I didn’t really get better at BJJ quickly before I started to watch a lot of instructionals. Some really helped me level up my game instantly while I watched them, whereas many other were forgettable. In this article I want to share the best BJJ instructionals that I ever watched, so you can also level up your game instantly. Let’s get started!
What makes the Best BJJ instructionals the best?
Let’s specify what makes an instructional go from good to the best. In my opinion, the best BJJ instructionals are those that have:
- A common thread: You’ll be surprised how many instructionals are just semi-random collections of the favorite techniques of the instructor. Those aren’t worth it because you might as well be watching random YouTube videos. A good instructional either argues for an innovative thesis or completely exhausts a single position or theme.

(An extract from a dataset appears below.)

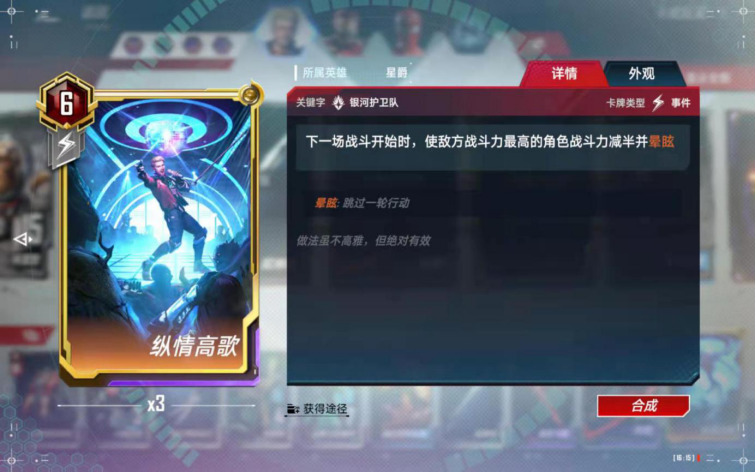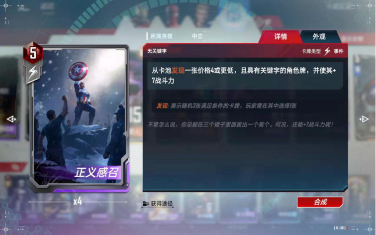 本卡组能不带“角色卡牌”的位置,全都用非角色卡牌代替了,在牌库过滤好了以后,正义感召找究极钢铁侠就非常给力了,记住正义感召不能用来找火箭与格鲁特,不会返回援军宝石的。

- Great instructors: The best instructionals are those from the best instructors (who I named above). These instructors explain all the details clearly, clarify common misunderstandings, show good camera angles, have better details than others, and so forth.
- Something new: You want to learn something new from your instructional, rather than the same old techniques that everybody teaches. My favorite instructionals are those that are about a completely new topic (I’ll mention a few below), or that share new details about old positions (for this you usually need a world class competitor who figured these details out himself).
Who make the best BJJ instructionals?
The best BJJ instructionals are made by Lachlan Giles, Craig Jones, Gordon Ryan and John Danaher. They deliver the most quality by far. Between them it’s a matter of taste who you like better. Lachlan’s the most structured, Craig’s the funniest, Gordon has the most details and John explains the most.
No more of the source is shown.